Make sure your data is clean—or allow time to get it that way. Whether you're operating in a web or client/server environment, don't underestimate the effort required to clean your data, Carbo recommends.

Watch the bandwidth. "A web-enabled product needs a good network platform," notes Mark Michener, global manager, transportation systems, Newell Rubbermaid Inc., Freeport, Ill. "People quickly get used to clicking a button and getting an immediate response.
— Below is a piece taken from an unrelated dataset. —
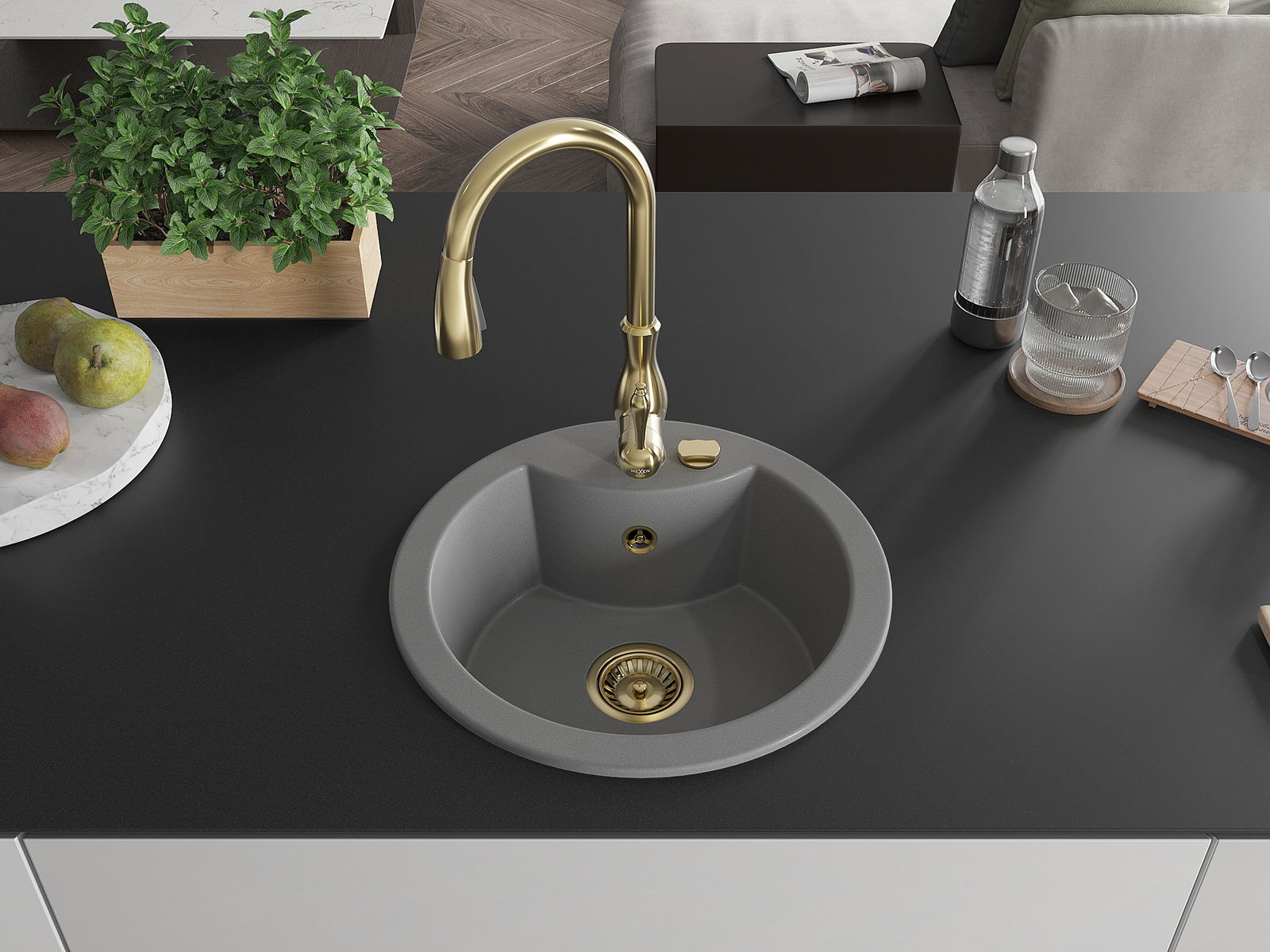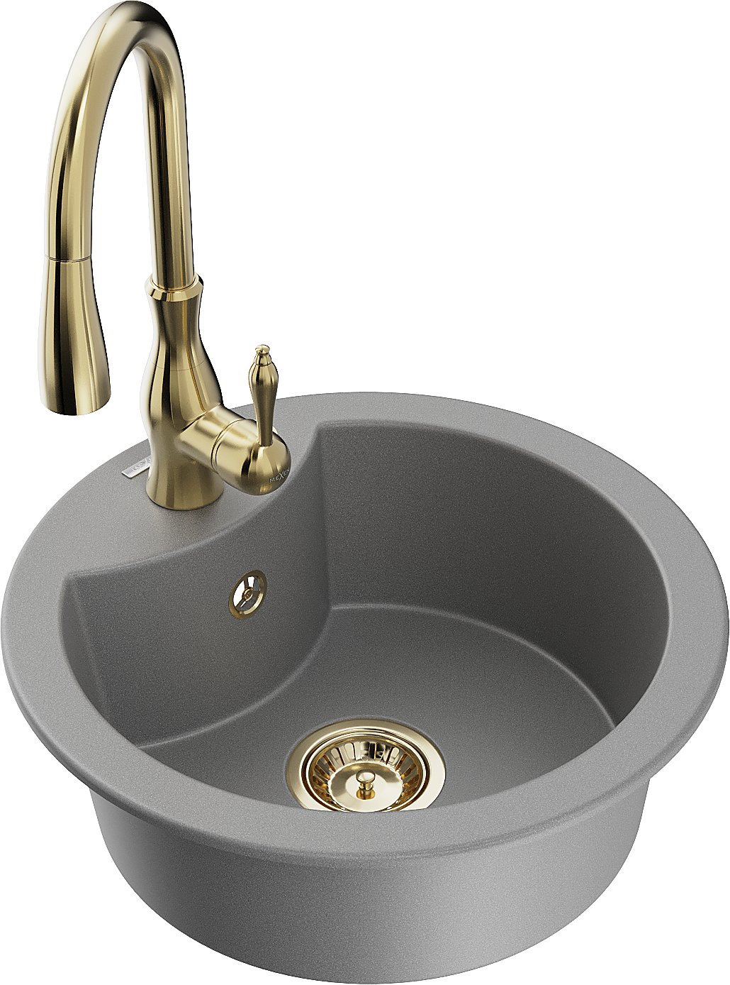 Mexen Diego granitā izlietne ar vienu nodalījumu un virtuves jaucējkrānu Savita, pelēka - 6512-71-672601-50

They have become used to extremely fast response times." To enhance performance, Newell Rubbermaid is upgrading the infrastructure at some of its shipping locations.

Be patient. "Always give yourself more time to implement—it will take longer than expected," says Jorge Joskowicz, controller of Dynamic Marketing. "Always budget a little extra for incidentals, be prepared to have a few headaches, and plan for overtime."

Don't overlook the people aspects. "Whenever you take a manual process and enable it with technology, you will go through a learning curve," says Michener.

Joskowicz agrees. "People resist change," he says. Despite the fact that Dynamic Marketing provided its co-op members with training for several weeks before go-live, go-live itself was a challenge. "Everybody was confused. But, a month later, dealers told us it was getting a lot better," as they became more familiar with the system and moved along the learning curve.

"It was painful, but we got through it to the other side, and now see the benefits," Joskowicz says.